Saturday, October 20, 2007

It's not all ethanol...

Commodities have been in and out of the investment spotlight for the last year. I think they are back in for loose money looking for somewhere to live.
But the broad strength of commodity prices may also reflect the appeal of the sector as an “alternative asset”, along with hedge funds and private equity. Ever since the dotcom bubble burst, investors have been keen to diversify away from their traditional focus on equities and government bonds. That has led to the launch of a whole series of exchange-traded funds based on commodities, which have made the asset class accessible for a much wider range of investors; the latest example, from Barclays Global Investors, is a fund based on timber prices. And Wall Street has been gearing up to meet demand; a survey by Options Group, a recruitment consultant, found that the hiring rate of commodity traders is up 33% on last year.

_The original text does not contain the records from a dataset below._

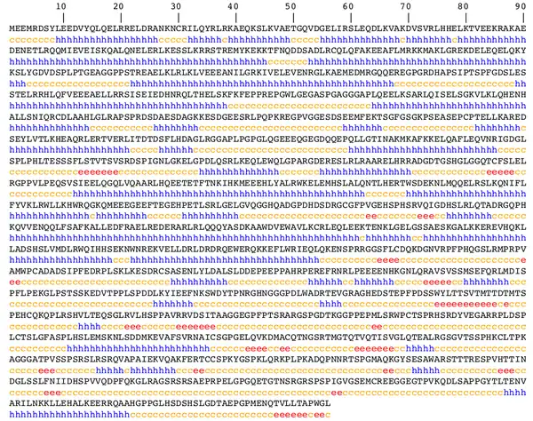 The consensus of the prediction software PELE,[21] GOR4,[22] and SOSUICoil is that the secondary structure of SOGA2 is dominated by alpha helices with interspersed regions of random coil. GOR4 indicated that SOGA2 is dominated by alpha-helices; it predicted a mere 5.61% of residues in an extended strand (parallel or antiparallel Beta-sheet) conformation, as opposed to 47.79% alpha helix and 46.6% random coils.
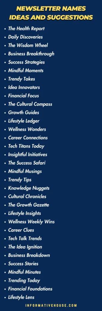 Hey everyone! So, you’re looking for some killer names for your IIICHURCH newsletter, huh? That’s awesome! A good name is super important, guys. It’s the first impression, the hook, the thing that makes people say, “Yeah, I wanna read this!” Let’s dive deep into how to brainstorm some top-notch newsletter names that will make your IIICHURCH community buzz. We’re talking about finding names that are catchy, relevant, and totally reflect the spirit of your church. Whether you’re aiming for something playful, something inspiring, or something super informative, the right name can make all the difference. So, grab a coffee, get comfy, and let’s brainstorm some fantastic ideas together. We want these names to be memorable, easy to share, and something that your members will look forward to seeing in their inboxes. Think about what makes your IIICHURCH unique. What are your core values? What kind of vibe do you want to give off? Is it a place of deep spiritual growth, vibrant community, or a combination of both? Answering these questions will help us zero in on the perfect name. We’ll explore different angles, from wordplay and puns to more straightforward, descriptive titles. The goal is to provide you with a comprehensive list of options, as well as the tools and mindset to create your own. We’ll also touch upon why a unique name matters in the first place. In a world flooded with emails, standing out is key. Your newsletter name is your first line of defense against the dreaded “delete” button. It needs to grab attention and communicate value immediately. So, let’s get this party started and find that perfect name that resonates with your IIICHURCH family!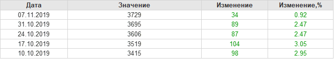 Коммерческие запасы нефти в США, EIA. Данные на 06.11.2019

The recent credit crunch may have given commodities a further lift. Speculative money that had been flowing into high-yield bonds and structured credit is now looking for a new home. Some commodities, particularly gold, are also seen as a hedge against a declining dollar.

Robin Bhar, a metals strategist at UBS, says investors seem to feel they have an each-way bet on commodity prices. Either global economic growth is strong and supply remains tight, or the world slips into stagflation, as it did in the 1970s. In either case, commodities should perform well. [More]

This interest in commodities carries over to farm real estate as well, I think. I have long believed (mostly to justify my own decisions) that land is superior investment. All it takes is a few of the very wealthy to agree with me to support what seem to be astronomical prices for dirt.

What many of us have trouble wrapping our mind around is how much wealth there is in the world, and the very real problem of what to do with it. The real world and real stuff like commodities and land contrast well to the abstract and barely comprehensible investment competition like derivatives or (shudder) CDO's.